To find the volume of the new rectangular prism with a scale factor of 12, we first need to calculate the volume of the original rectangular prism.
The volume \( V \) of a rectangular prism is given by the formula:
\[ V = \text{length} \times \text{width} \times \text{height} \]
For the original prism:
- Length = 5 m
- Width = 6 m
- Height = 4 m
Calculating the volume:
\[ V = 5 , \text{m} \times 6 , \text{m} \times 4 , \text{m} = 120 , \text{m}^3 \]
Now, since the scale factor is 12, the volume of the new prism will be scaled by the cube of the scale factor (because volume scales with the cube of linear dimensions).
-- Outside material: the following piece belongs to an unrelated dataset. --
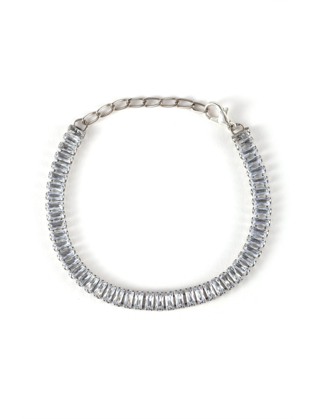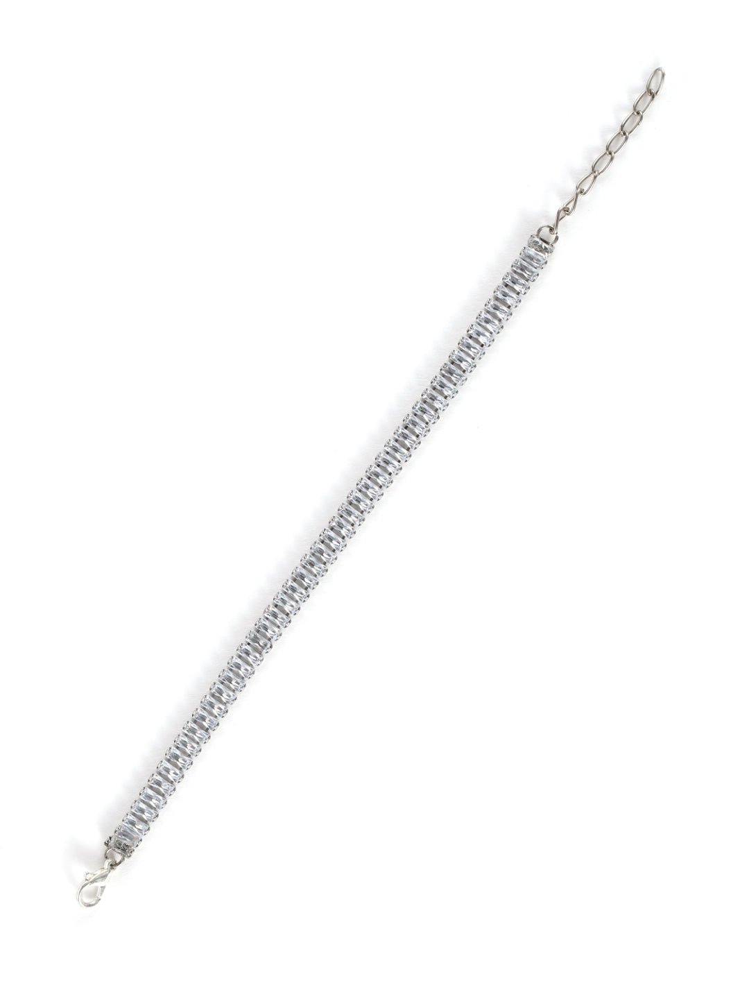 Silver-Plated Silver & Transparent Rhinestone Studded Handcrafted Brass Bracelet

Calculating the volume of the new prism:
\[ V_{\text{new}} = V_{\text{original}} \times (\text{scale factor})^3 \]
Substituting the values:
\[ V_{\text{new}} = 120 , \text{m}^3 \times (12)^3 \]
Calculating \( (12)^3 \):
\[ (12)^3 = 1728 \]
Now we can calculate the new volume:
\[ V_{\text{new}} = 120 , \text{m}^3 \times 1728 = 207360 , \text{m}^3 \]
Thus, the volume of the new rectangular prism is \( 207360 , \text{m}^3 \).
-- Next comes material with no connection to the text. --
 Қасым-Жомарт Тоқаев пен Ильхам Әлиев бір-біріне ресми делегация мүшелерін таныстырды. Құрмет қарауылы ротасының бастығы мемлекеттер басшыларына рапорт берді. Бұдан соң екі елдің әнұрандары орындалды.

It seems that the options you provided (30 cm³, 60 cm³, 120 cm³, and 15 cm³) are much smaller than the actual volume. If you need the volume in cubic centimeters instead of cubic meters (1 m³ = 1,000,000 cm³), you can convert:
\[ 207360 , \text{m}^3 = 207360 \times 10^6 , \text{cm}^3 = 207360000000 , \text{cm}^3 \]
This indicates the responses provided do not match the actual calculations based on the volume and scale factor. Please check the scale factor or dimensions for consistency.